- WORK ORDER -
Starting at the line that contains "SNAYKE Ornamental Print", output each line exactly as written through the end of the listing below, but leave out the pictures.

++++ PROVIDED RECORDS ++++

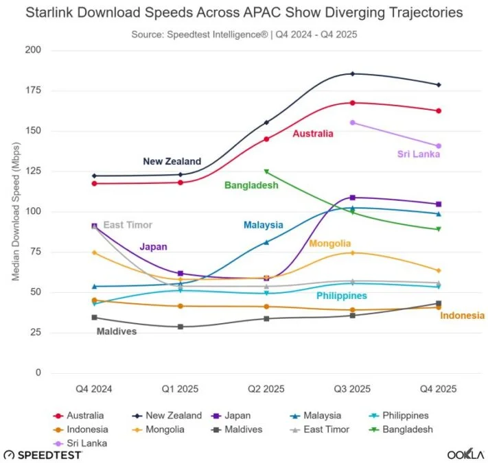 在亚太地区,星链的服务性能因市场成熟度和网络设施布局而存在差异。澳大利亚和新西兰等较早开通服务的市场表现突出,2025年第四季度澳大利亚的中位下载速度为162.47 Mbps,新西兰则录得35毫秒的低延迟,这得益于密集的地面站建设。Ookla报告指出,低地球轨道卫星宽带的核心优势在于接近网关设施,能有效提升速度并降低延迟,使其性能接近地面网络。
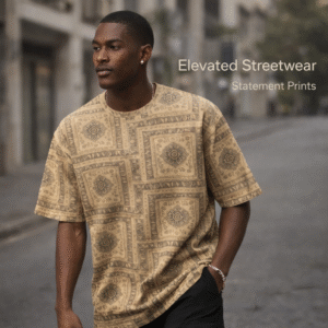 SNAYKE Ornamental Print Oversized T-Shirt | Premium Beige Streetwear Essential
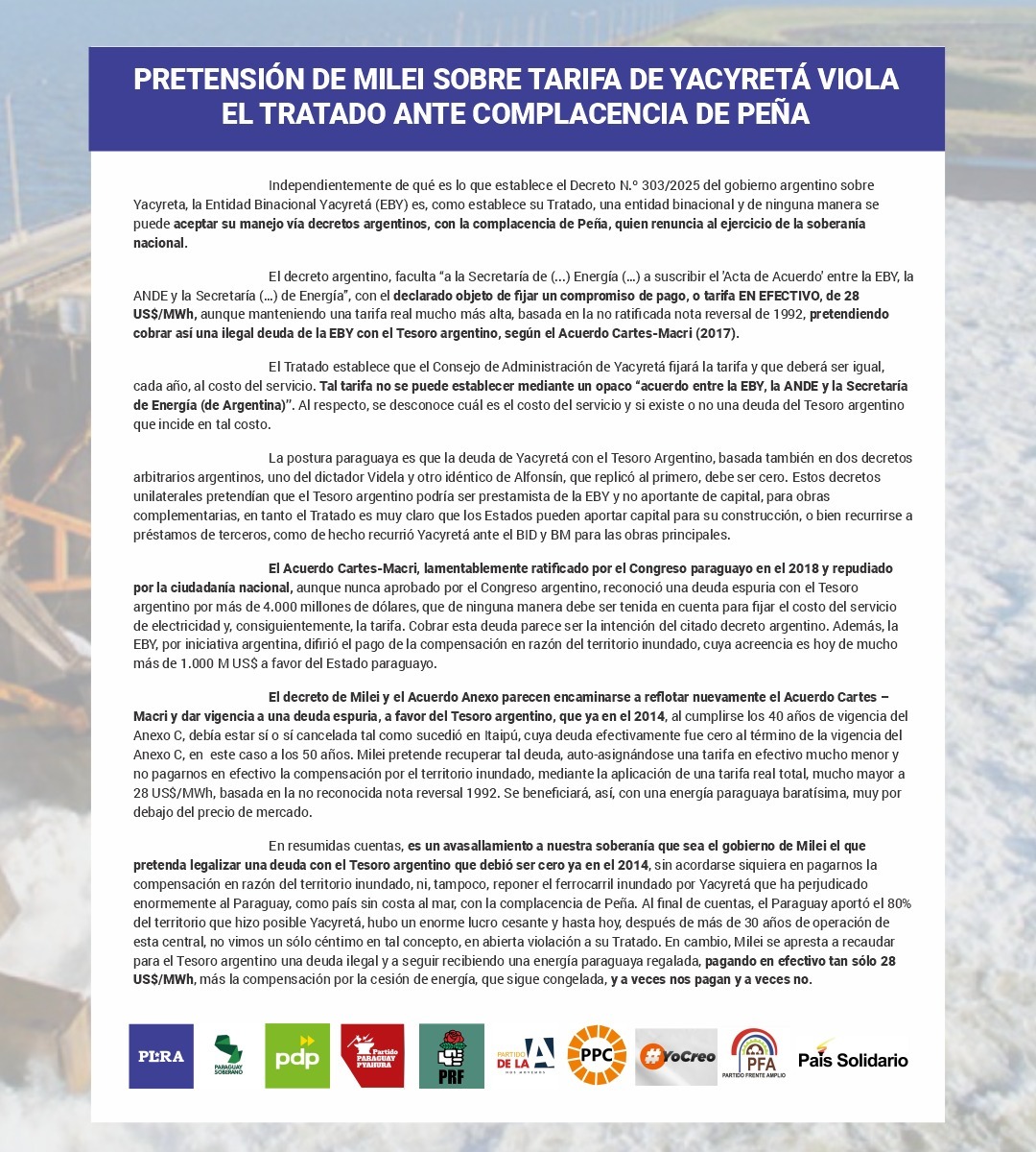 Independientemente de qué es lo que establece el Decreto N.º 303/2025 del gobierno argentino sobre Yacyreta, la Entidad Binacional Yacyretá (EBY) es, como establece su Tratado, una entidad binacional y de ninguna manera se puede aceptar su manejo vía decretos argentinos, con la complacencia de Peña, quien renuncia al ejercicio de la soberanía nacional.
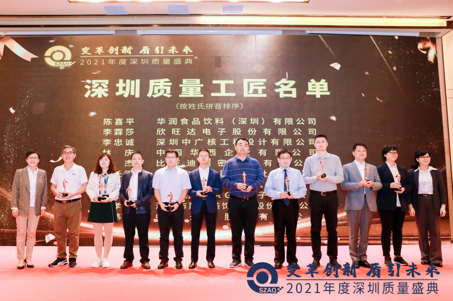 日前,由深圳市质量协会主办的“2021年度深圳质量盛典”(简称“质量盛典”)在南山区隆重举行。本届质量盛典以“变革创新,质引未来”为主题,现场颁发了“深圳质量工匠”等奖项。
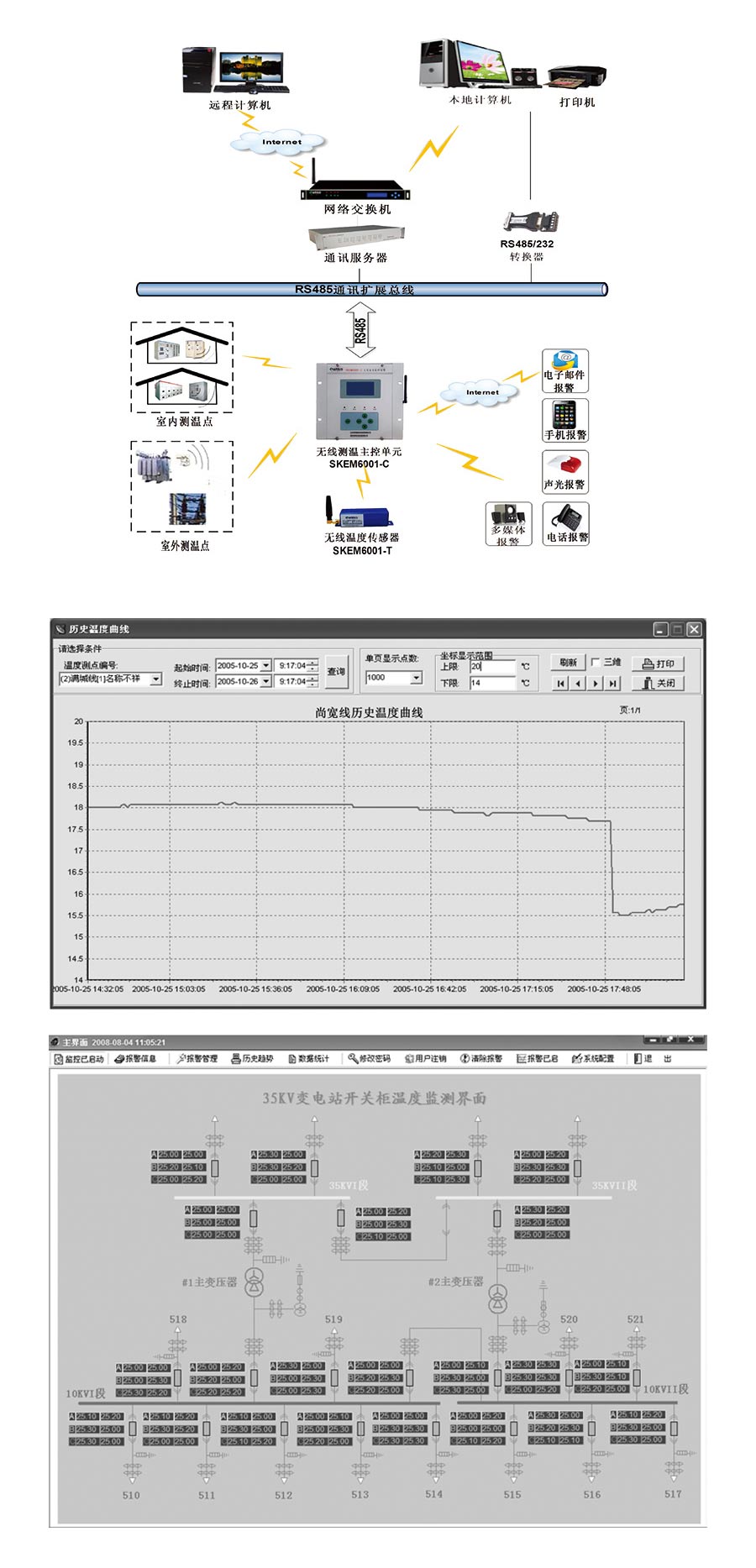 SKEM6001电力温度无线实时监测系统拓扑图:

++++

- RESPONSE TO THE EXERCISE -
 SNAYKE Ornamental Print Oversized T-Shirt | Premium Beige Streetwear Essential
 Independientemente de qué es lo que establece el Decreto N.º 303/2025 del gobierno argentino sobre Yacyreta, la Entidad Binacional Yacyretá (EBY) es, como establece su Tratado, una entidad binacional y de ninguna manera se puede aceptar su manejo vía decretos argentinos, con la complacencia de Peña, quien renuncia al ejercicio de la soberanía nacional.
 日前,由深圳市质量协会主办的“2021年度深圳质量盛典”(简称“质量盛典”)在南山区隆重举行。本届质量盛典以“变革创新,质引未来”为主题,现场颁发了“深圳质量工匠”等奖项。
 SKEM6001电力温度无线实时监测系统拓扑图:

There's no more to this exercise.